On my return from Canada, I collaborated with Alan Fersht (now at Imperial College) to understand the effects of this and other mutations on the enzyme mechanism. We confirmed that Cys35 was a key catalytic residue, but also found that the Ser35 enzyme was weakly active. In due course, by exploring other mutations around the active site, we established that the catalytic mechanism of the enzyme involved the preferential stabilisation of the tyrosyl adenylate transition state by multiple non-covalent bonds (including bonds from a mobile loop involving His 45).

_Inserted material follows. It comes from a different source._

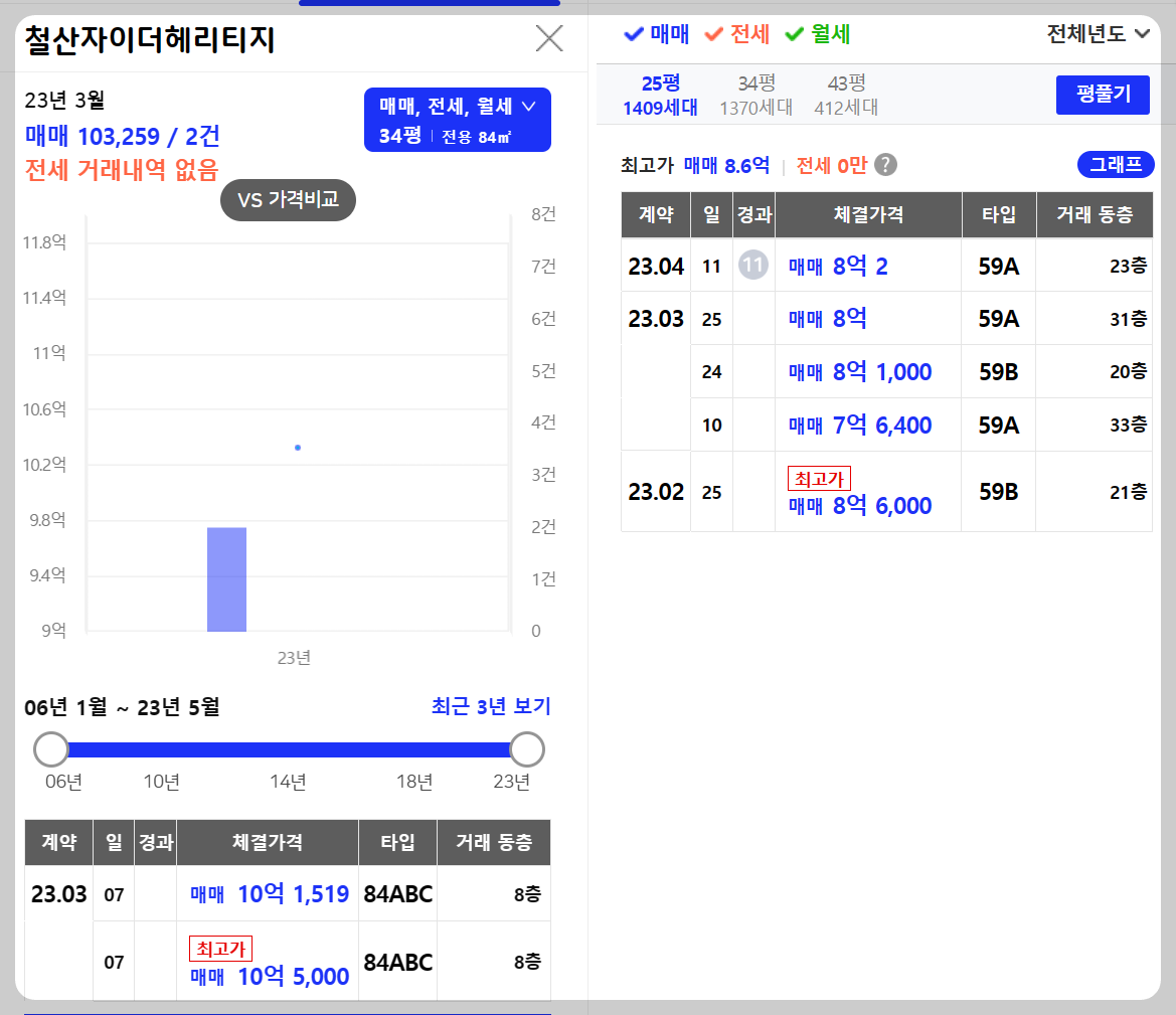 철산자이더헤리티지 (출처 : 호갱노노 & 아실_2023.05.08)

As we improved our methods for site directed mutagenesis and synthesis of oligonucleotides, we started to undertake larger scale mapping projects. In particular we mapped the path of the tRNA across the enzyme, and later, by the same approach, mapped the binding site for complement C1q in antibodies. With site-directed mutagenesis established as a powerful analytical tool for studies of protein structure and function, I started on the next phase of my career.

Antibodies

In October 1983 Fred Sanger retired and César Milstein took over as Head of Division. César’s passion was antibodies – particularly the mechanisms underpinning their diversity. He agreed to my tenure but suggested that I use site directed mutagenesis to study the structure and function of antibodies. In January 1984, I was attacked on the way to work, and my shoulder dislocated, leaving my right arm temporarily paralysed. No longer able to work at the bench, and as a distraction from the pain caused by the nerve damage, I immersed myself into a virtual world of protein structures using the LMB’s Evans and Sutherland PS300 computer graphics system. I was particularly interested in the architecture of binding sites. In the light of César Milstein’s suggestion, I started to look carefully at antibodies.

Cesar Milstein and Fred Sanger, mid-1980s.

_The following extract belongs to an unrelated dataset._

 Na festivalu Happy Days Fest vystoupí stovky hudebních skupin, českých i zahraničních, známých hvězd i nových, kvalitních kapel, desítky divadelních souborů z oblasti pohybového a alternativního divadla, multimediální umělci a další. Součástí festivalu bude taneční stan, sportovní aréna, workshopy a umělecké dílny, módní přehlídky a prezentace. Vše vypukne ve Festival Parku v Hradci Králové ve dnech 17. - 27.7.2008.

Figure 4. Cesar Milstein and Fred Sanger, mid-1980s.

Credit: MRC Laboratory of Molecular Biology.

 Credit: MRC Laboratory of Molecular Biology.

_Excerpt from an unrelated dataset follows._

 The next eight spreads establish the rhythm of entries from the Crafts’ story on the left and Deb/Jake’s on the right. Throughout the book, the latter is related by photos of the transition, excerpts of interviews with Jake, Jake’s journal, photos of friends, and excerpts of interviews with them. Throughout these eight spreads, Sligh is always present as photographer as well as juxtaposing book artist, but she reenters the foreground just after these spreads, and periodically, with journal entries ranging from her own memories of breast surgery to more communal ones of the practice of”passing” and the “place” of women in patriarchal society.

At that time, only the three-dimensional structures of human and mouse myeloma proteins were known. Human myeloma proteins are a species of antibody produced in myeloma patients and for which we do not know the cognate antigen. Nevertheless, it was supposed that the antigen binding sites were located in regions of hypervariable sequence in the loops of the variable (V) domains; indeed Elvin Kabat had called the hypervariable regions “complementarity determining regions” (CDRs), and the regions outside the CDRs he called Framework Regions (FRs).

Inspection of the antibody architecture suggested to me that if Kabat was right, the antigen-binding activity of one antibody might be transferred to another by CDR transplant. This offered the prospect of endowing human myeloma proteins with the binding activities of rodent monoclonal antibodies, and so creating “humanised” [see Note 1] antibodies with predetermined binding activities for treatment of human disease, particularly non-infectious diseases such as cancer. I was aware that rodent monoclonal antibodies were seen as “foreign” in patients, provoking a blocking immune response, and anticipated that “humanised” antibodies (up to 95% human), might provoke a lesser response.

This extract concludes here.